- _Data provided_:
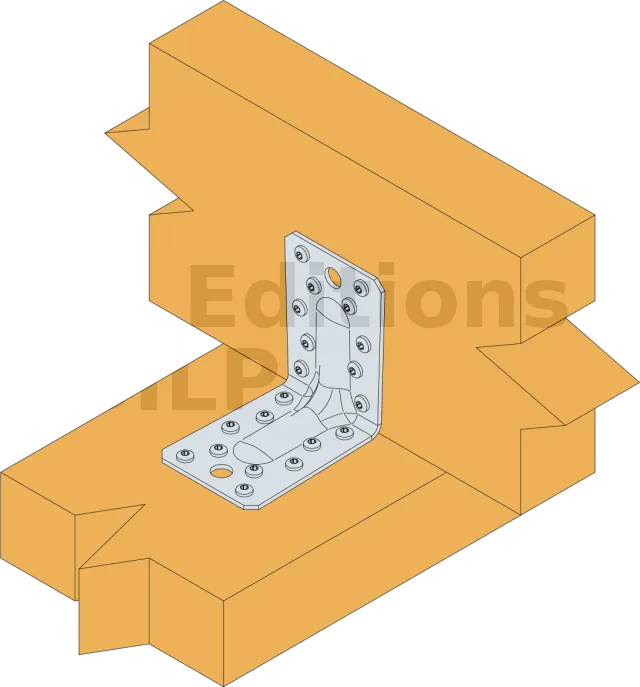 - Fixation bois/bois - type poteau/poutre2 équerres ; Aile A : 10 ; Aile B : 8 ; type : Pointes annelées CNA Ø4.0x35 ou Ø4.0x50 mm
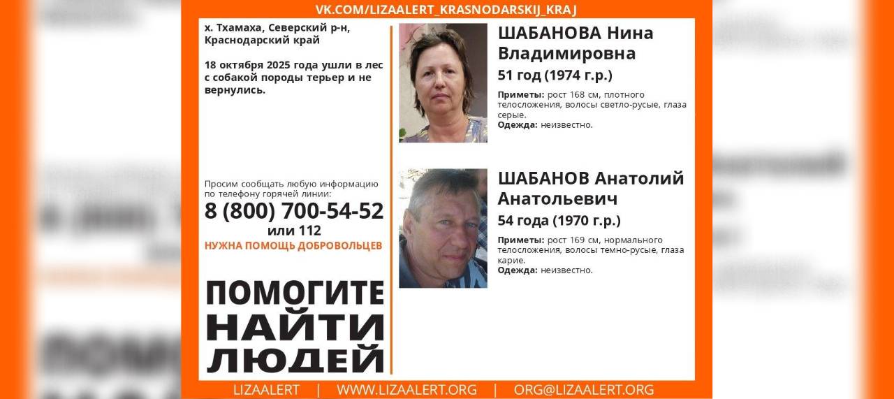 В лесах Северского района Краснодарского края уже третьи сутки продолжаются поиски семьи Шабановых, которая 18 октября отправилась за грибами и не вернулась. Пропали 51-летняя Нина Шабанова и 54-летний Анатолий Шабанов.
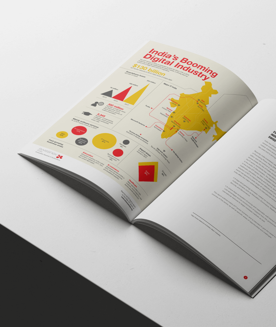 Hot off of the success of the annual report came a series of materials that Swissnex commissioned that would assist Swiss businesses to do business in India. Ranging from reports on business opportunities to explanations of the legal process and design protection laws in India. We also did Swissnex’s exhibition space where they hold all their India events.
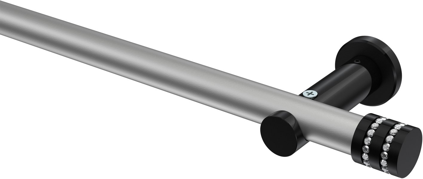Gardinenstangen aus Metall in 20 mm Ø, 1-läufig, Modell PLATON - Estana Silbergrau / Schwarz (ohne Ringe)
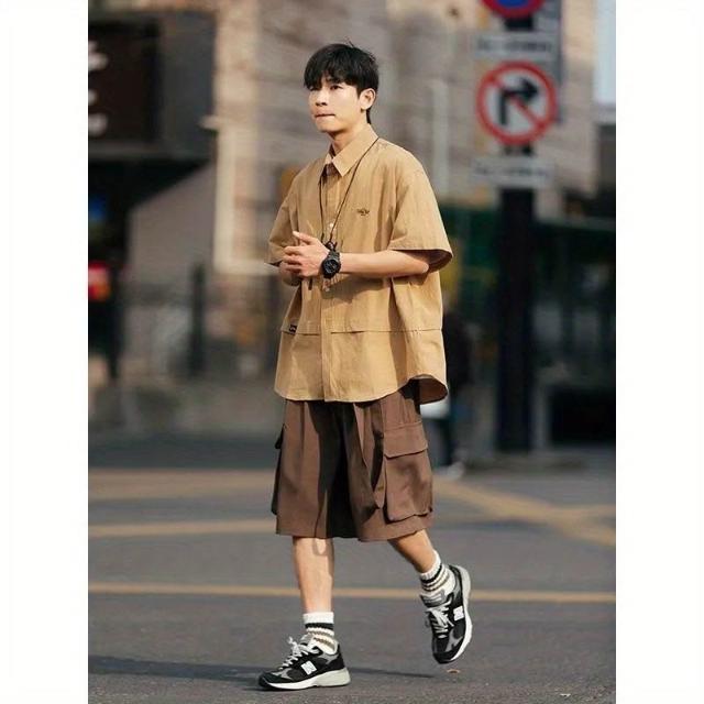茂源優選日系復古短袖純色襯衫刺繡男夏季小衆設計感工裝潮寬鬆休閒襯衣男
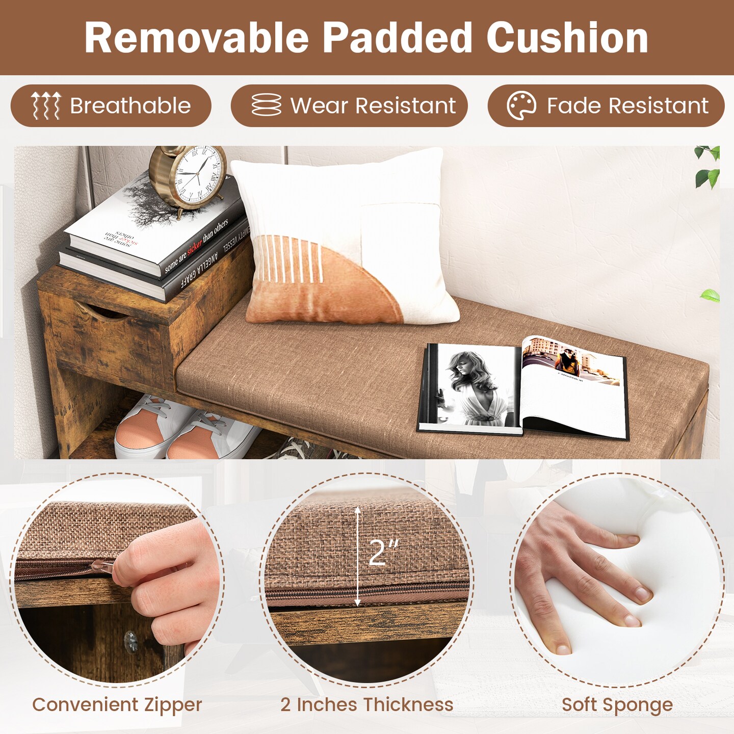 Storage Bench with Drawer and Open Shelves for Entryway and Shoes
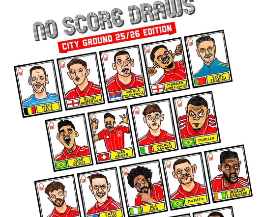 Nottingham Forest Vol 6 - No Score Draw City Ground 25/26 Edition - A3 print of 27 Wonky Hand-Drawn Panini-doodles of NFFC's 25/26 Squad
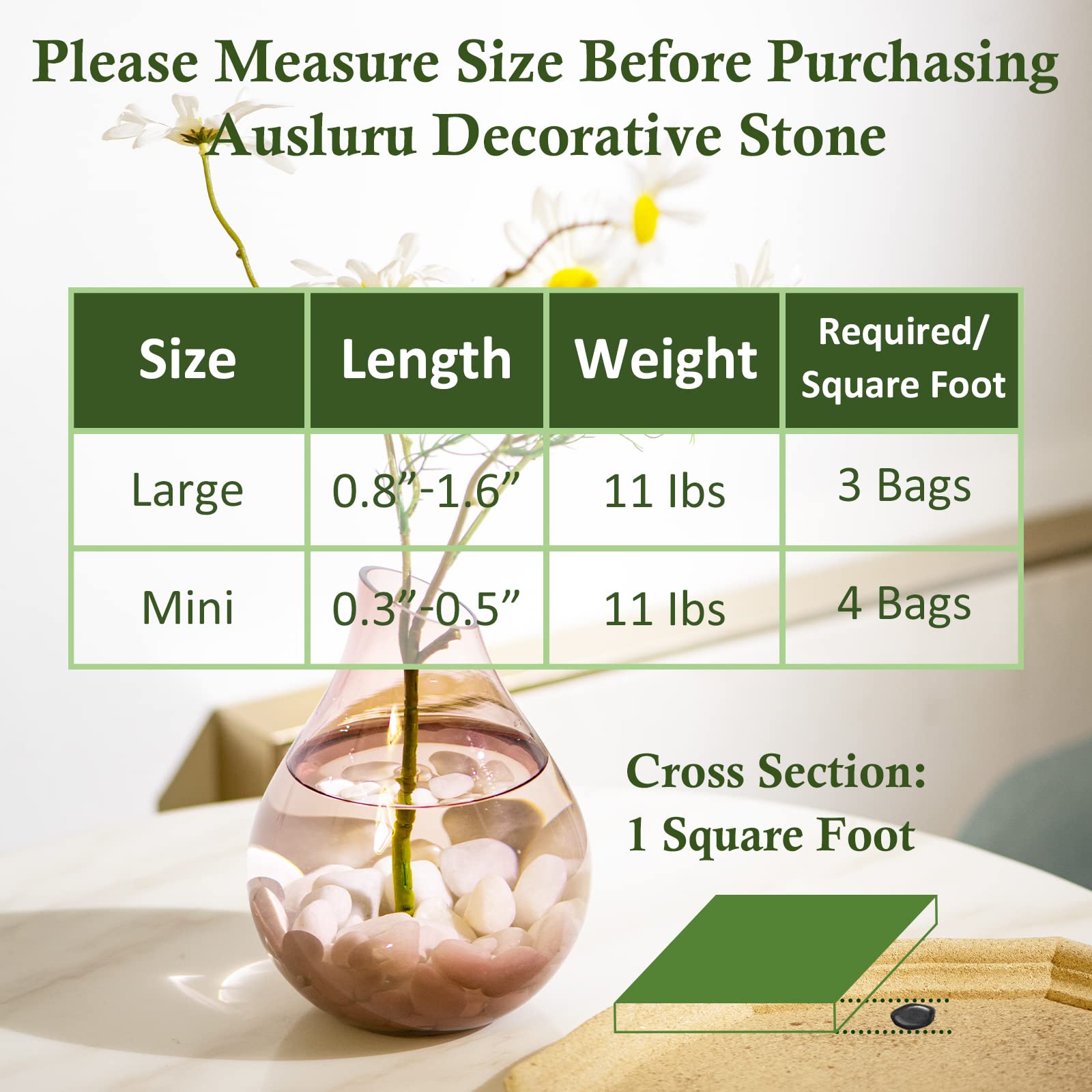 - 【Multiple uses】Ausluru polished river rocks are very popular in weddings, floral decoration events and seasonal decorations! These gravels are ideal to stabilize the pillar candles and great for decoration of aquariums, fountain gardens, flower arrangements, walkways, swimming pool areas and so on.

- _Exercise_:
Only the lines from the one containing "Hot off of the" through the last line of the entries, both included, should be repeated exactly, and the pictures should be left out.

- _Solved problem_:
 Hot off of the success of the annual report came a series of materials that Swissnex commissioned that would assist Swiss businesses to do business in India. Ranging from reports on business opportunities to explanations of the legal process and design protection laws in India. We also did Swissnex’s exhibition space where they hold all their India events.
Gardinenstangen aus Metall in 20 mm Ø, 1-läufig, Modell PLATON - Estana Silbergrau / Schwarz (ohne Ringe)
茂源優選日系復古短袖純色襯衫刺繡男夏季小衆設計感工裝潮寬鬆休閒襯衣男
 Storage Bench with Drawer and Open Shelves for Entryway and Shoes
 Nottingham Forest Vol 6 - No Score Draw City Ground 25/26 Edition - A3 print of 27 Wonky Hand-Drawn Panini-doodles of NFFC's 25/26 Squad
 - 【Multiple uses】Ausluru polished river rocks are very popular in weddings, floral decoration events and seasonal decorations! These gravels are ideal to stabilize the pillar candles and great for decoration of aquariums, fountain gardens, flower arrangements, walkways, swimming pool areas and so on.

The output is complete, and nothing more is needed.